4. Following on from that, what does the assumed self-respect or lackthereof of young girls even have to do with rape? I mean, obviously, it does because a) rapists are predatory and deliberately target vulnerable girls and women who often have poor self-esteem and b) being sexually objectified and hypersexualised erodes self-esteem and self-respect, but the guys who are making this argument don’t fall in line with that reasoning. They don’t talk about rape as a deliberately predatory act and they don’t worry about the self-esteem of girls who are being constantly judged according to their perceived sexuality. They think “confidence” is a codeword for “dressing slutty” and victims call rape on themselves by being too sexy. And in that case, shouldn’t the opposite be true, that girls who don’t respect themselves are less attractive? Unless, I guess, you think low self-esteem and lack of self-respect are sexy, that they make an eleven year old girl desirable, and that the exaggerated play-acted “flirting” of pre-teens, in the few cases where it existed in the first place (which it usually doesn’t, most girls did not invite the attention, not that any level of flirting implies consent anyway and especially in a fucking child) is somehow attractive rather than clumsy and immature.

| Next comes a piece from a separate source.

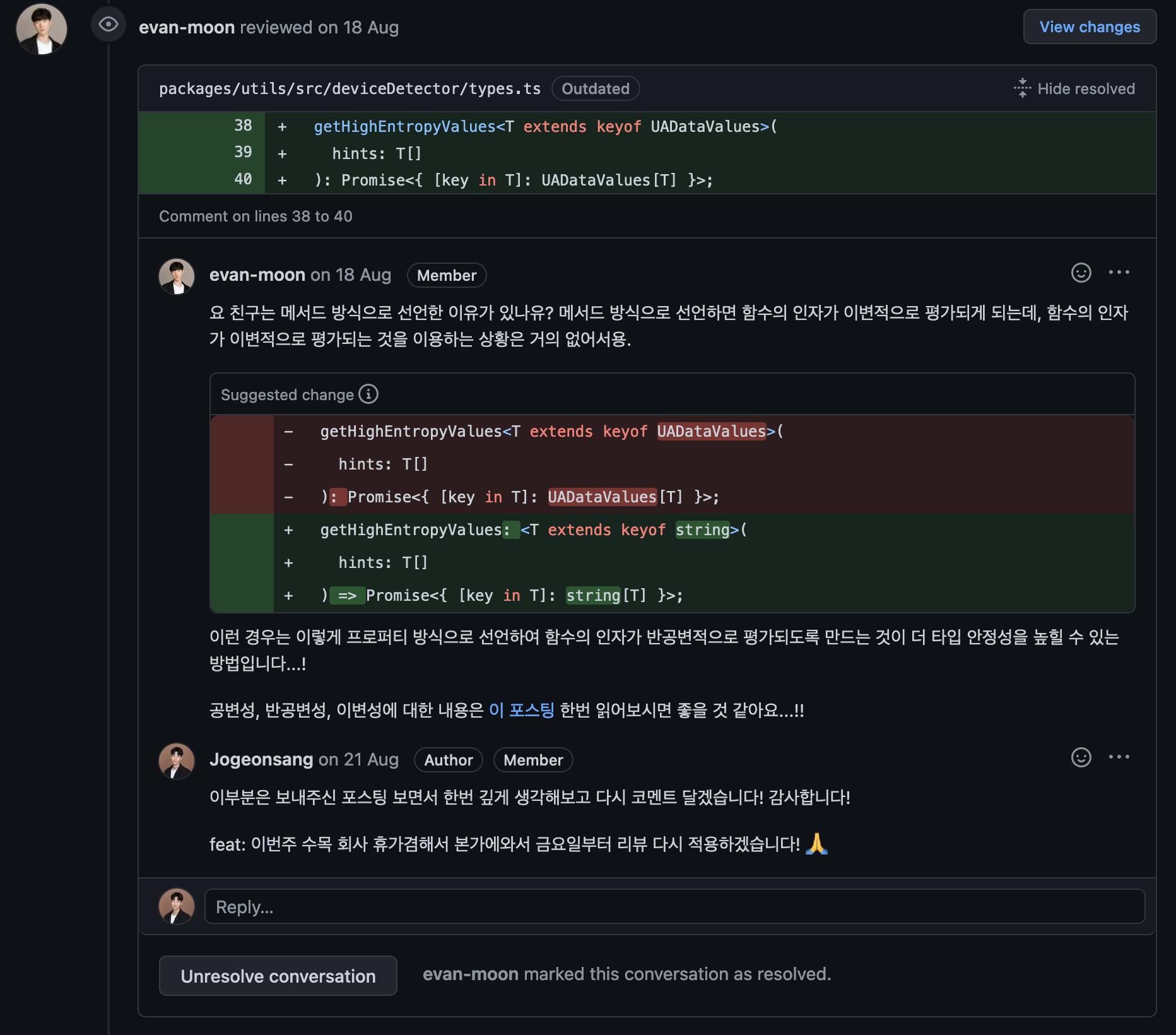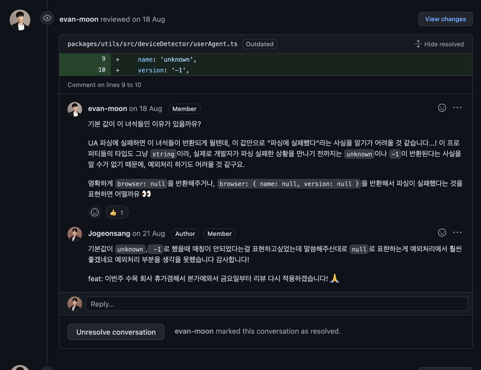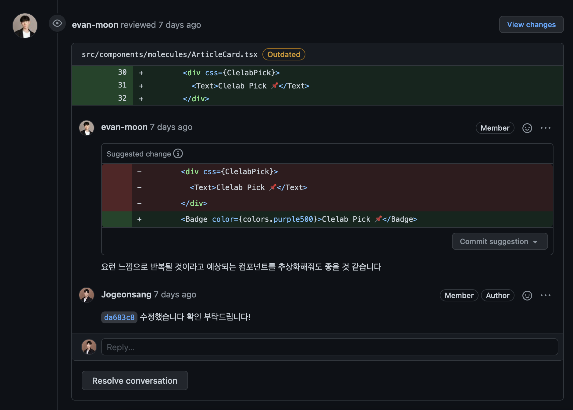 뭔가 스스로의 실력이 떨어진다는 생각을 해서 일까? 저는 다른 개발자분들이 요청하신 코드리뷰에 이렇다한 의견을 제시하지도 혹은 질문도 하지 않고 눈팅만 하고 있었습니다.

This huge focus on clothing is ridiculous. Clothing is not the be all and end all of attractiveness. It might influence it in some ways, but not enough to make someone who you wouldn’t ordinarily be attracted to suddenly become someone you’re going to chase after, past the point of just eyeing them up, past the point of approaching them, past the point of flirting, past the point of asking them out, someone you’re actively trying to have sex with even if their first response isn’t “yeah, let’s do it!” Likewise, someone who’s attractive in and of themselves isn’t suddenly unattractive because they’re wearing more clothes. So how, how, how can what a child is wearing be a relevant factor? People who aggressively pursue children do it because of social values and conditioning that tells them it’s okay and they won’t face consequences. In some (but not all or even most) cases they do it because they’re pedophiles or ephebophiles, who are attracted specifically and exclusively to that age group, and also because social values and conditioning tell them they won’t face consequences. But the idea that there’s something that black girls in particular are wearing that accounts for the way they’re sexualised and shamed defies all logic and common sense.